En el 96, Cabezas había fotografiado al poderoso y oculto Alfredo Yabrán en Pinamar, la célebre imagen en la que se ve al empresario paseando por la playa con su esposa. En el 97, volvió a hacerle fotos, pero una noche, a la salida de una fiesta, fue secuestrado, llevado a una zona alejada, maniatado y asesinado de dos tiros en la cabeza. Su cuerpo fue introducido nuevamente en el auto y prendido fuego. Por el crimen fueron condenados cinco agentes y oficiales de policía, el jefe de la custodia de Yabrán y otros cuatro criminales conocidos como “La banda de Los Horneros”. Un año después, la Justicia pidió la captura de Yabrán, quien finalmente se suicidó.

“Para los que trabajamos en los medios, el legado que deja José Luis tiene que ver con el compromiso final de nuestro laburo que es la búsqueda de la verdad, aun asumiendo determinados riesgos -dice Gabriel Michi, autor del libro Cabezas: Un periodista.
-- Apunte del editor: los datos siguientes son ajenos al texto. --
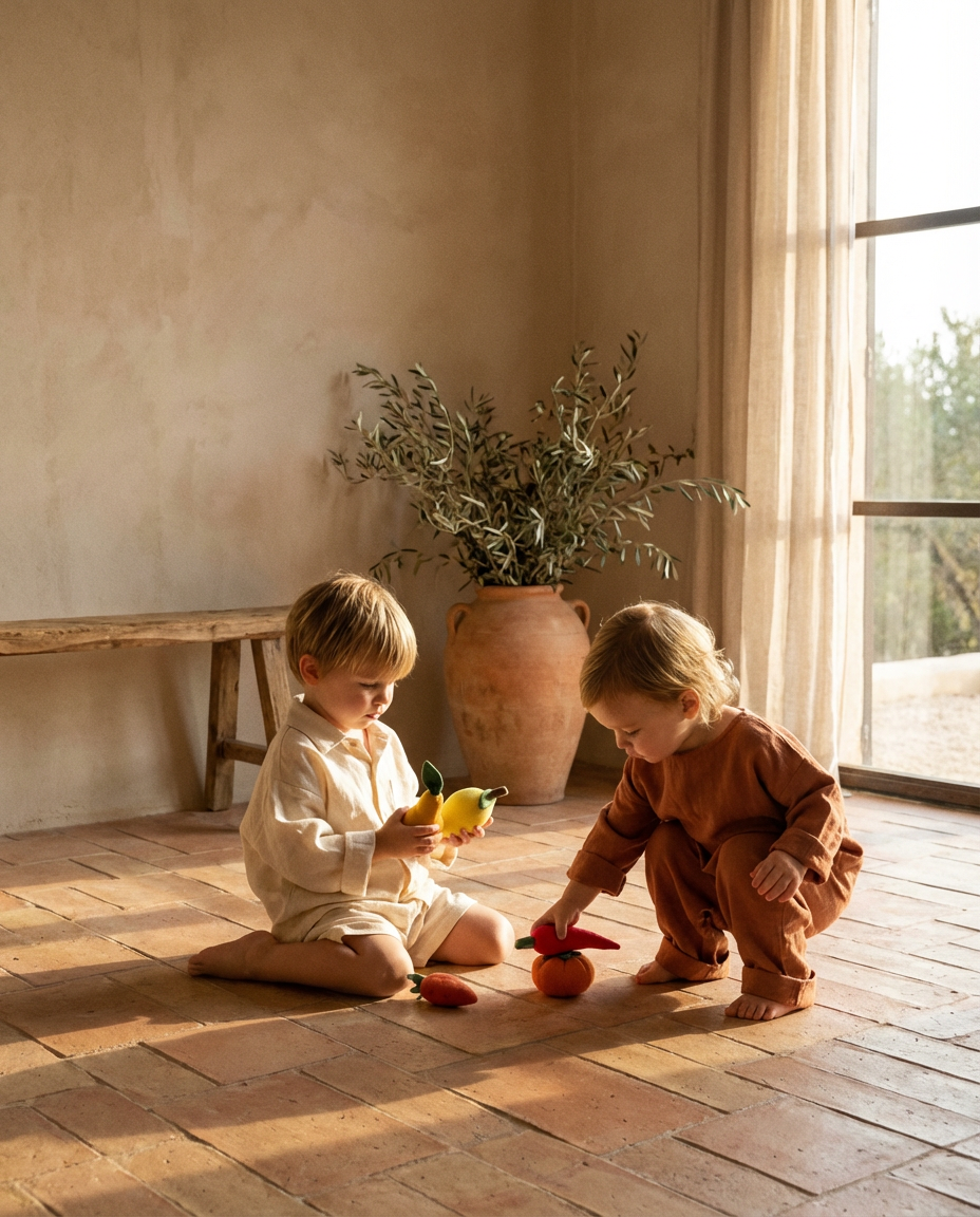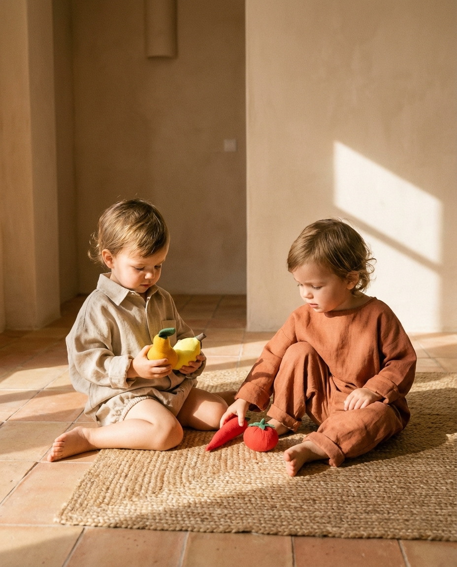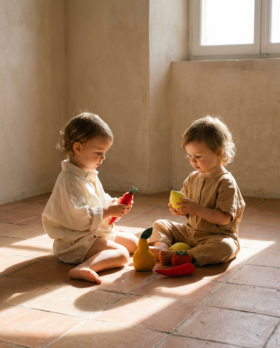With these fabric toys, children can learn to count, learn the names of fruits and vegetables, and play everywhere: in the garden, in their room, and in the kitchen.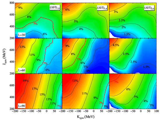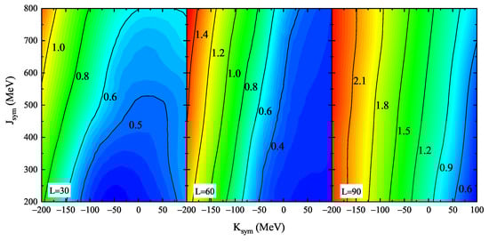 For a canonical NS with M⊙, the contours of the crustal fraction of NS moment of inertia in the versus plane, with (upper plot), 60 (middle plot), and 90 MeV (lower plot), respectively, are presented in the middle plots of Figure 3. When compared to the left plots of Figure 3, similar features can be observed. However, the parameter plane is clearly more tightly constrained for any value of L as the crustal fraction of the NS moment of inertia decreases with increasing mass. With MeV, no parameter combinations can satisfy the constraint , indicating that this constraint favors a symmetry energy with a larger slope L. For instance, at MeV, we obtain tighter constraints on and compared to a neutron star with M⊙. The lower limit of is constrained to be 289 MeV, while the upper limit of is constrained to be MeV. This constrained value of is consistent with findings of previous studies that suggest MeV [22,40,58,59,60]. These constraints on and may indicate a relatively stiff symmetry energy at high densities. For MeV, the lower-right corner of the plane is excluded. However, if the upper limit of is set to 0, the crustal fraction of the NS moment of inertia still cannot effectively constrain the symmetry energy.

Un crimen. Un país (Planeta 2017)-. Obviamente, nunca pensamos que el riesgo podía ser la muerte porque no había ocurrido un crimen de un periodista en democracia”.

“La situación que hoy se vive en los medios es particularmente complicada, no sólo por los intereses que se anteponen a la búsqueda de la verdad, sino también por la realidad laboral que estamos atravesando, que es dramática”, dice Michi, quien trabajó en Radio América y CN23 hasta la fuga y el vaciamiento de Sergio Szpolski y Matías Garfunkel. El actual periodista de C5N completa: “Más de tres mil trabajadores perdieron su trabajo en los últimos años y eso atenta también contra ese valor que se defendió cuando salimos a las calles a pelear por la memoria de José Luis y la libertad de expresión, que con el silenciamiento de voces termina hoy muy condicionada”.

 

Presente, ahora ¡y siempre!

Gladys, la hermana de Cabezas, estará para un acto en El Bolsón, donde desde 2017 una plazoleta lleva el nombre del fotógrafo. Además, se realizarán las tradicionales ceremonias de recordación en Pinamar, en la cava donde fue asesinado y en el monolito de la entrada.

En la Ciudad de Buenos Aires se hará un homenaje convocado por SiPreBA y la Asociación de Reporteros Gráficos de la República Argentina, en la sede de ARGRA (Venezuela 1433) a las 12.

“La idea es recorrer distintos lugares del país porque con José Luis pasó algo único a nivel mundial, que es que en casi todas las provincias hay algún lugar que lo recuerda, eso no pasó con ningún periodista asesinado en el mundo”, finaliza Michi.